Medya konusunda da benzer açıklamalar dinliyoruz. Bunların da hakkını vermek gerek. Gazetelerin editörleri manşet bulma zorluğundan kurtarılıp kendilerine zaman ayırmaya başladılar, az bir şey değil. Her büyük siyasi krizde Türkiye’deki 6-7 gazete aynı manşetle çıkmıyor mu? Gazeteler, kafa karışıklığı sebebi olan birkaç gazeteciden de özgürleştirilmedi mi?
Peki ya halk? Demokrasinin doruğunda değil miyiz?
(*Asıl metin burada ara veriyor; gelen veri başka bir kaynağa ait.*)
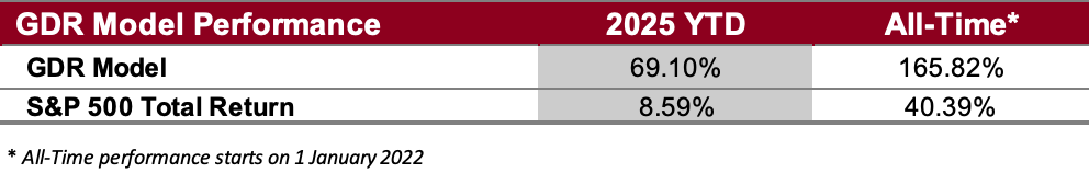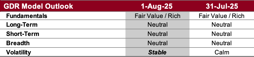 Fundamentals Outlook (as of 26 Jun 2025): Fair Value/Rich. The model has adjusted valuations slightly downward following the release of new data. Going forward GDR Model positioning should tactically tilt a little less towards the long side, all else equal. Note that this is just a barometer to help guide longer-term decision-making rather than short-term market timing.
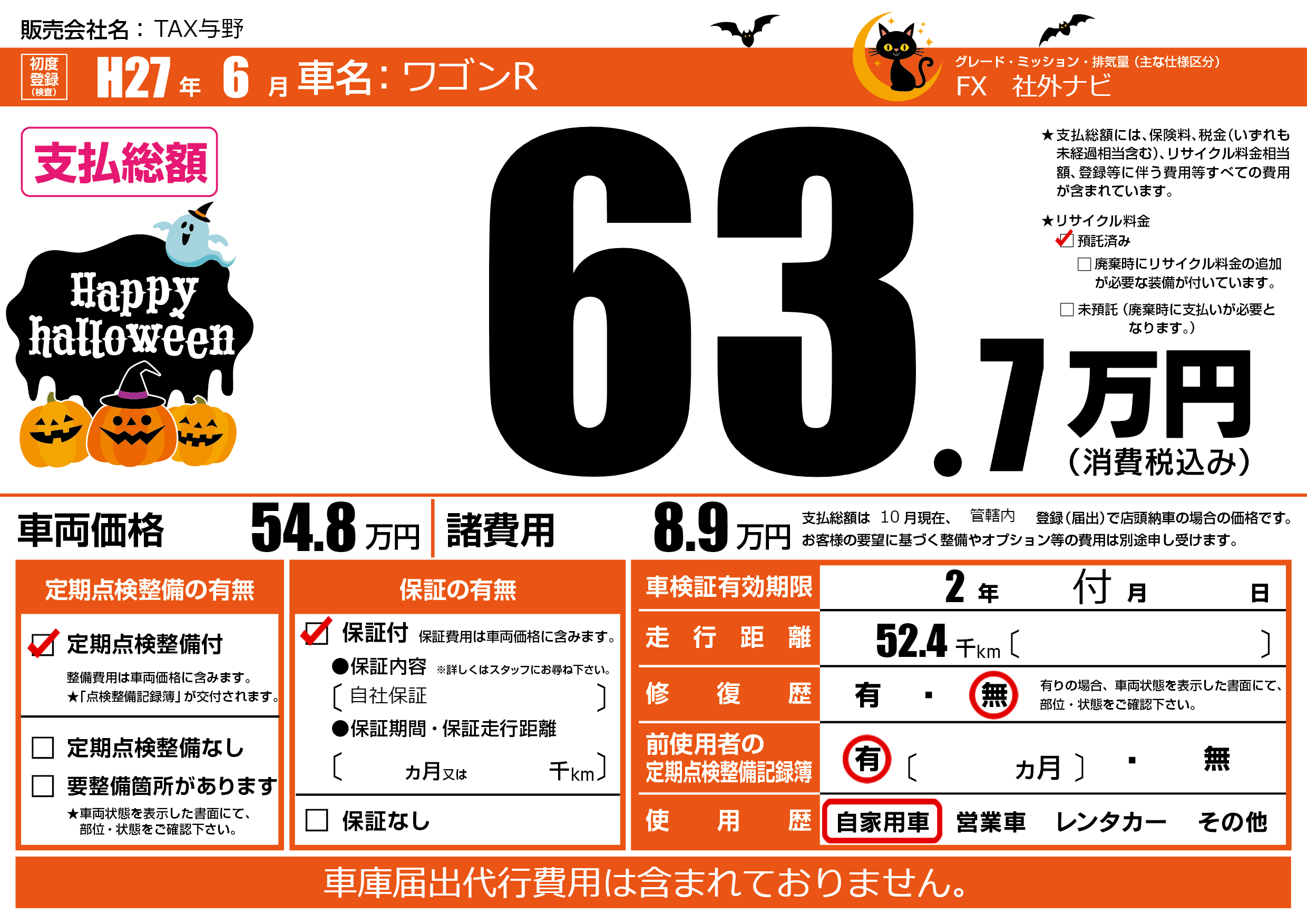 | 走行キロ | 5.2万km | 初年度登録 | H27年6月 |

Muhtarlardan belediye başkanlarına ve milletvekillerine artık kimseyi seçmek zorunda kalmayacak halk daha ne isteyebilir? Hem de bütün risklere rağmen iktidar seçim yaparken. Hem seçim olacak hem de yanlış kişi seçilirse siyasal iktidar bu kişiyi görevinden alıp yerine bir memurunu atamak ile uğraşacak. Bu kadar geniş bir özgürlük alanı dünyanın neresinde olabilir? Seçme, kendine uygun bir kurul tarafından temsil edilme arayışından kurtulmuş bir halktan özgür ne olabilir?
CHP ÖZGÜRLEŞTİRİLDİ Mİ?
Hakimlerin, savcıların, medya çalışanlarının, rektörlerin, dekanların ve seçmenlerin özgürleştirildiği ülkemizde, özgürleşme açıklamalarını yapanlarla dalga geçme gibi bir niyetim yok. Aksine niyetim durumun ciddiye alınmasına katkı sunabilmek. Zira yerel seçimler öncesinde muhtarları görevden alacağını açıklayan, belediyelere beğenmediği kişilerin seçilmesi halinde kayyum sopası gösteren bir iktidar aygıtının karşısında hâlâ “Muhtar Kent İstanbul’a mı?” “Mansur Yavaş Ankara’ya mı?” tartışması yapma metanetini gösterebilen muhalefet partisine hayranlığımı ifade etmek istiyorum. Seçimin AKP açısından hâlâ bir anlamı olduğu için seçim sürecine girdiğimizin farkına vararak bu koşullardaki tek siyasetin bu anlamı ters yüz etme gereğinden geçtiğini görmemelerine hayret içinde bakarak. Bugün Türkiye’de demokratik siyasetin koşulu, bütünüyle kişiselleşmiş iktidar formunu askıya almak, çoğullaşmaya, kamuya bir alan açmaksa bunun yolu kişiselliği kuran şeyi yıkmaktır. Yani seçimler demokratik değilse demokratik araçlar yaratmaktır. Bu, olmadığına inandığınız hukuka davet yoluyla olmaz; o hukuku kurmaya uğraşmakla olur. Bu olmadığına inandığınız bir basına hitap etmekle olmaz, başka kamusal iletişim yolları yaratmakla olur. Bu adil olmadığına inandığınız seçime hazırlanarak olmaz; adil seçimin olanaklarını yaratmakla olur. Fakat bu olabilirlerin hiçbirine kalkışmayan bir siyasal yapının da özgürleştirildiğini düşünmemek için bir sebep yok. Siyasal iktidarı elde etme çabasından; eşitlik, özgürlük ve adalet davasından özgürleştirilmiş bir siyasal partide geniş koltuklarda oturmaktan güzel ne olabilir?
BİRAZ KAVRAM TARİHİ
Özgürleşme kavramına ciddiyetle yakından bakalım. Reinhart Koselleck’in Kavramlar Tarihi’nin (1) içinden. Emancipation (özgürleşme) kavramını “E manu capere”ye götürüyor Koselleck. Bu bir hukuk edimi. Roma’da babanın oğlunu kendine tabi olmaktan kurtarmasını düzenliyor. Baba oğlunu özgürleştiriyor yani. (Yukarıdaki özgürleştirme örnekleriyle ilişkilendirirsek çarpıtmış oluruz tabii. Bizim özgürleştirilenler kategorisi daha çok babanın babalığını sürdürmesi için onlara sınırsız ve dizginsiz bir alan yaratması ile ilgili. Onları kamuya eşit kişiler olarak sokması değil, onları kamusal kurallardan özgürleştirmesi.)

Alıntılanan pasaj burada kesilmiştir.